Been there, done that! :mrgreen: :twisted:


----------



## Lee H Sternberg (Jan 27, 2008)

Sarah Platts said:


> Lee,.... Lee, ...... Lee, what else were you expecting? Especially because, well....., you are you and we are,...... well, who we are....


Sarah, you seem to be the only on that understands that everyone picks on me.


----------



## Nicole Stark (Jul 22, 2009)

Lee H Sternberg said:


> Sarah, you seem to be the only on that understands that everyone picks on me.

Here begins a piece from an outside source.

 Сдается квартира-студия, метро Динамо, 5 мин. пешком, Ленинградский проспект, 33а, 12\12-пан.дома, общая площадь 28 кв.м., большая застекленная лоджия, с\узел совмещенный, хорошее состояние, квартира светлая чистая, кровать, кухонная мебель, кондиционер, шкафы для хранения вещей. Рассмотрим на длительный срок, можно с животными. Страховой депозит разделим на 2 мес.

Yes, and I am sure that at least by speculation I might be the worst of those offenders. Moderators, please control my responses to Lee. Banning me may be appropriate. :wink:


----------



## Lee H Sternberg (Jan 27, 2008)

Nicole Stark said:


> Yes, and I am sure that at least by speculation I might be the worst of those offenders. Moderators, please control my responses to Lee. Banning me may be appropriate. :wink:


Someday we will get on one of those booze buses and I will give a piece of my mind.☺


----------



## Bob Scott (Mar 30, 2006)

Nicole I think Lee's feeling would be hurt if you didn't trash him occasionally.

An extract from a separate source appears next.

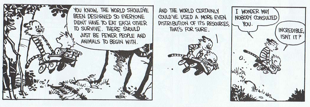 • Why does Nature have to be so cruel? Just about everything alive is either pursued by, or devouring, another creature. Even a child could design a kinder way for creatures to exist.

:-k..........Wait! ..................feelings? :-k :roll:

In my best Gilda Radner voice..............Never mind! :wink:

Luvs ya Lee! :lol:


----------



## Nicole Stark (Jul 22, 2009)

It might be helpful to state this just so people don't get some strange idea that I've really been picking on this older fella, that's battling cancer. My relationships with others on this forum is of no concern to others, but where Lee is concerned it does seem appropriate to make it clear that he's a very good and close friend of mine. I know what he finds entertaining and he likes to raise hell, so I join in on his antics from time to time. I really do believe that laughter can be healing.


----------



## Lee H Sternberg (Jan 27, 2008)

Nicole Stark said:


> It might be helpful to state this just so people don't get some strange idea that I've really been picking on this older fella, that's battling cancer. My relationships with others on this forum is of no concern to others, but where Lee is concerned it does seem appropriate to make it clear that he's a very good and close friend of mine. I know what he finds entertaining and he likes to raise hell, so I join in on his antics from time to time. I really do believe that laughter can be healing.

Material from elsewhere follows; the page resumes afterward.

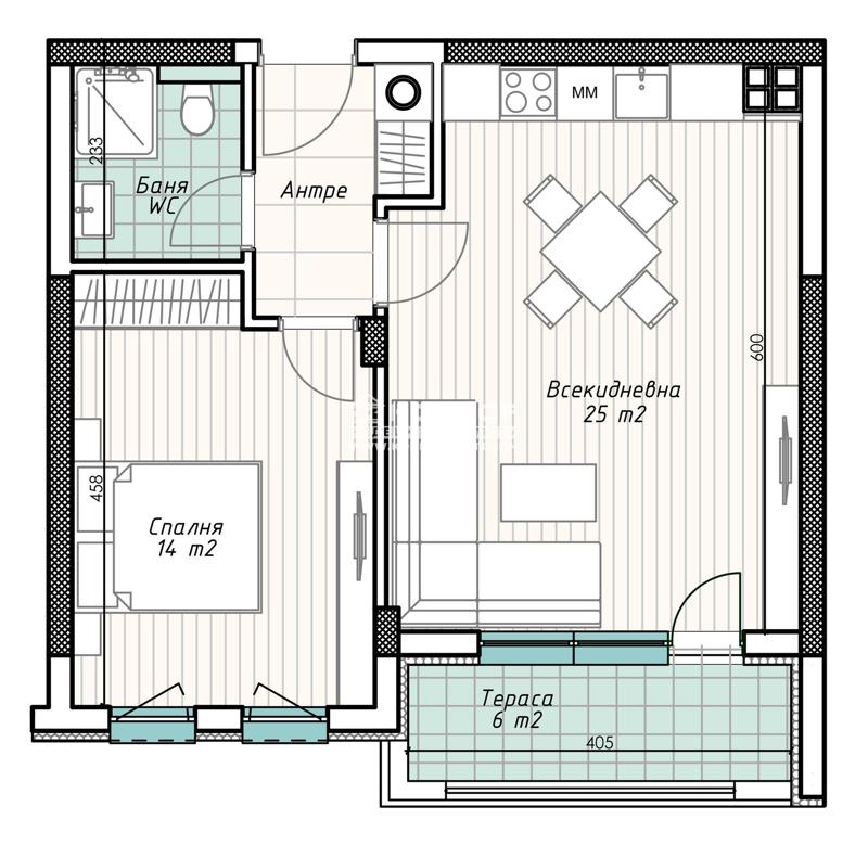 Оферта 59505: Предлагаме ви възможността да закупите просторни и светли апартаменти, намиращи се в сграда със съвременна архитектура с иновативна визия, съчетаваща модерни технологии с качествени материали на строителство, позиционирана на много тихо и спокойно място в Кършияка с невероятна зеленина!!! Апартаментите са с отлично разпределение !!! Двустаен апартамент, състоящ се от дневна с трапезария и кухненски бокс - 25кв.м. с излаз на тераса, една самостоятелна спалня - 14кв.м., баня с тоалетна, входно антре. Към всеки апартамент се закупува изба на цена 2000 !!! Сградата се строи от реномирана фирма с множество готови сгради в града, като можем да ви покажем качеството на изпълнение и материалите които се използват. Жилищата се отвършват според всички изисквания за качествено строителство, хидравличен асансьор, блиндирани входни врати, висок клас ПВЦ - дограма. Свободни Гаражи на партерно ниво и външни Паркоместа. Разсрочено плащане в рамките на строителството. СТРАХОТНА ИНВЕСТИЦИЯ! ВИЖТЕ ОЩЕ ИЗГОДНИ ОФЕРТИ НА https://www.kondorimoti.com/ С ЕЖЕДНЕВНА АКТУАЛИЗАЦИЯ!

Thanks Nicole! You are a great bud 

Now I will always feel guilty if I rank on you.☺

Just watch this "old fella" bullshit!☺


----------



## Sarah Platts (Jan 12, 2010)

Lee H Sternberg said:


> Sarah, you seem to be the only on that understands that everyone picks on me.


Lee, you know what they say. If we didn't like you, we wouldn't pick on you. Thankfully, you are not a thin-skinned, hyperreactionary, hypersensitive person who can't own up to their own mistakes or failings. When I look up "DILLIGAS", I see your picture. :twisted:


----------



## Lee H Sternberg (Jan 27, 2008)

Sarah Platts said:


> Lee, you know what they say. If we didn't like you, we wouldn't pick on you. Thankfully, you are not a thin-skinned, hyperreactionary, hypersensitive person who can't own up to their own mistakes or failings. When I look up "DILLIGAS", I see your picture. :twisted:


There is a great dive swingers bar in RENO named DILLIGAS.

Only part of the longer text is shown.